Dengan memakai temuan sains ini, lebih jauh kita dapat katakan bahwa LGBT pasti juga sudah ada 300.000 hingga 400.000 tahun lalu, jauh sebelum kisah Nabi Lot ditulis. LGBT sudah ada sama tuanya dengan usia keberadaan Homo sapiens di muka Bumi, tapi baru dipelajari dan dikaji secara ilmiah di abad ke-20 M.
Dari tempat asalnya di Afrika, Homo sapiens HLGBT dulu sekali menyebar dan bermigrasi ke segala arah hingga akhirnya berada di seluruh muka Bumi, termasuk di tanah Arab di Timteng, juga di nusantara Indonesia dan di semua tempat lain di muka Bumi.
Kalau mau dirunut lebih jauh, jauh kebelakang lagi, ya unsur-unsur kimiawi esensial yang membangun dan membentuk tubuh kita (carbon, hidrogen, nitrogen, oksigen, fosforus dan sulfur) berawal-mula dari debu-debu kimiawi bintang-bintang yang meledak (supernovae) di angkasa luar, milyaran tahun lalu. Pada level partikel dan atom, tidak ada suatu hal apapun, termasuk OS apapun, yang membedakan manusia yang satu dari manusia yang lainnya. Kita semua, siapapun kita, kapanpun dan di manapun, satu asalnya: debu-debu kimiawi supernovae.
Penutup
Jadi, pesan saya kepada para ideolog anti-LGBT, jangan anda picik memandang LGBT hanya milik dunia Barat. Jangan mungkin karena kebencian pada Barat, anda melampiaskan kebencian ini kepada kaum LGBT sebagai kompensasi dan demo kemarahan anda pada Barat.
LGBT itu manusia, dan LGBT WNI itu sesama warganegara yang wajib kita dan pemerintah NKRI sayangi dan lindungi karena mereka sungguh-sungguh manusia Indonesia. Jumlah mereka sangat sedikit dan juga tak akan berkembang pesat selama puluhan tahun ke depan, dan, khususnya, karena mereka rentan dizalimi oleh kalangan hetero yang jumlahnya ratusan juta kepala.
Kalangan hetero di dunia ini bak seekor gajah besar yang bisa dengan sangat mudah menginjak mati seekor semut LGBT. Jika anda memang seekor gajah besar hetero, jadilah gajah besar yang baik hati, yang bisa berkawan dan bercakap-cakap santai dengan semut-semut. Semut-semut kecil tidak akan bisa membuat sakit si gajah besar sekalipun mereka menggigit kakinya kuat-kuat karena mereka diinjak.

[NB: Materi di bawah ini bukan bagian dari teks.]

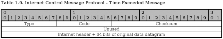 The TTL equals 0 ICMP type is also known as Time Exceeded Message and has type 11 set to it, and has 2 ICMP codes available. If the TTL field reaches 0 during transit through a gateway or fragment reassembly on the destination host, the packet must be discarded. To notify the sending host of this problem, we can send a TTL equals 0 ICMP packet. The sender can then raise the TTL of outgoing packets to this destination if necessary.
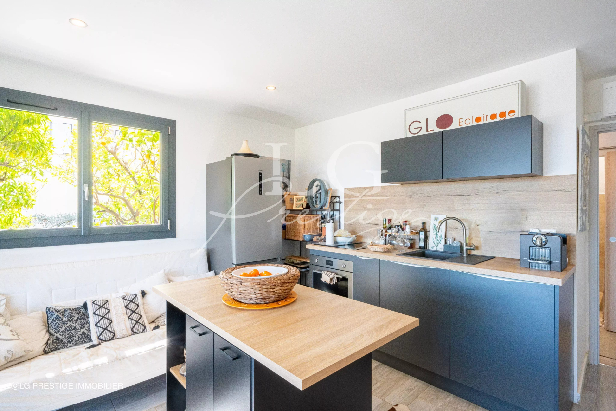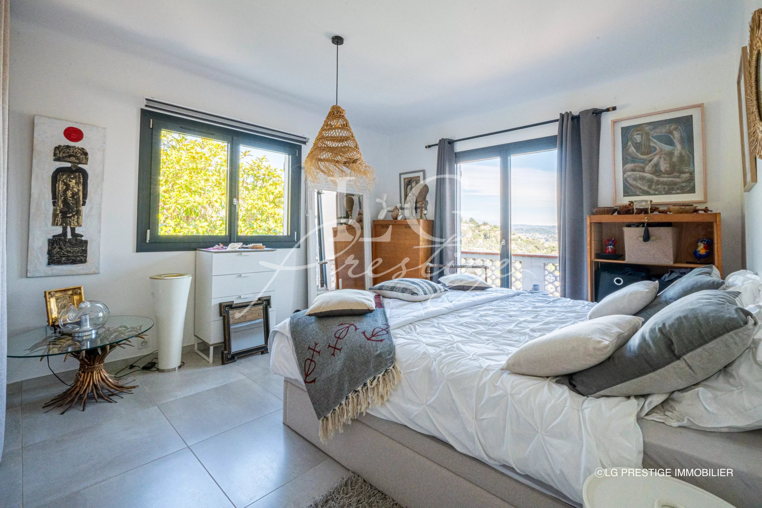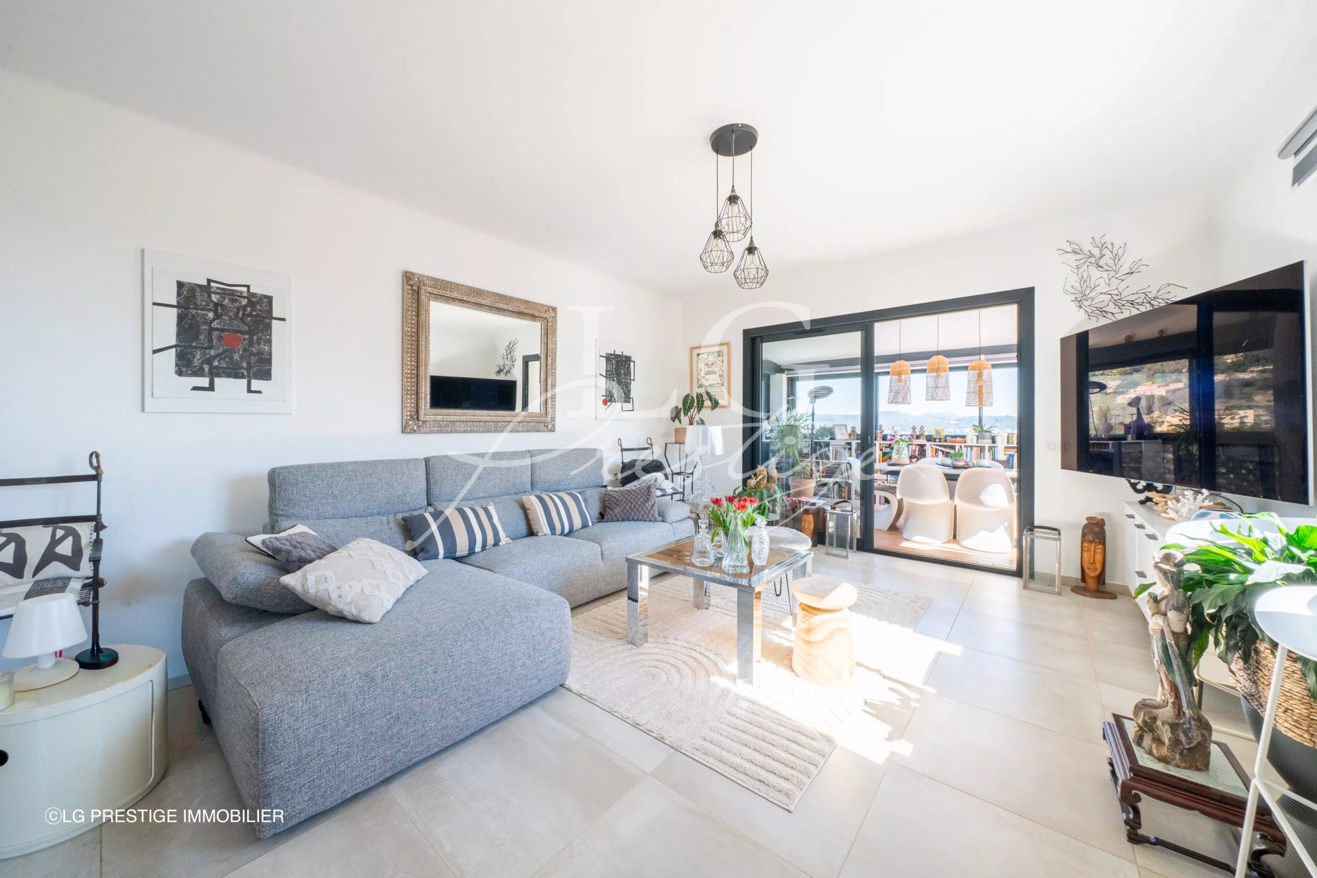Belle maison de 175 m² entièrement rénovée, offrant une superbe vue dégagée sur la mer, les îles de Lérins, les collines et les montagnes, idéalement située à 5 minutes à pied des commerces, dans un quartier calme et prisé sur les hauteurs du centre-ville.

LGBT di dunia ini minoritas dan mereka juga, jangan takut, tak bisa membuat yang hetero jadi LGBT, karena jadi LGBT bukan pilihan sendiri, tapi berbasis genetis dan biologis. Pengaruh lingkungan bisa ada, tapi jauh lebih lemah dibandingkan sunatullah gen dan biologi secara umum. OS LGBT juga bukan penyakit menular. Bukan cacar air. Bukan virus HIV/AIDS. Bukan herpes. Bukan TBC. OS LGBT juga bukan kanker, suatu penyakit pembunuh yang kini sudah ditemukan sangat mungkin bisa menular ke orang lain./45/Â
Sejauh menyangkut LGBT sintonik―yaitu LGBT yang happy, relaxed, punya harkat dan martabat, kehormatan diri, percaya diri dan hidup mereka teraktualisasi―OS LGBT juga adalah sesuatu yang normal saja, bagian dari sunatullah, sesuatu yang genetik dan biologis, sama seperti OS hetero.
Kalau anda yang hetero bertanya dengan nada curiga mengapa mereka menjadi LGBT, ajukanlah juga pertanyaan yang sama kepada diri anda dengan curiga, mengapa diri anda hetero. Ketika anda mengacungkan satu jari telunjuk anda ke orang lain, ingatlah bahwa tiga jari anda lainnya dengan ditopang oleh jempol juga terarah kepada diri anda sendiri.
Jadi tidak ada alasan atau basis ilmiah apapun untuk orang kini memandang LGBT, baik yang sintonik maupun yang distonik, sebagai suatu gangguan mental yang perlu diobati atau orang LGBT dipandang rendah, sakit jiwa, atau dikutuk Allah atau malah bukan manusia.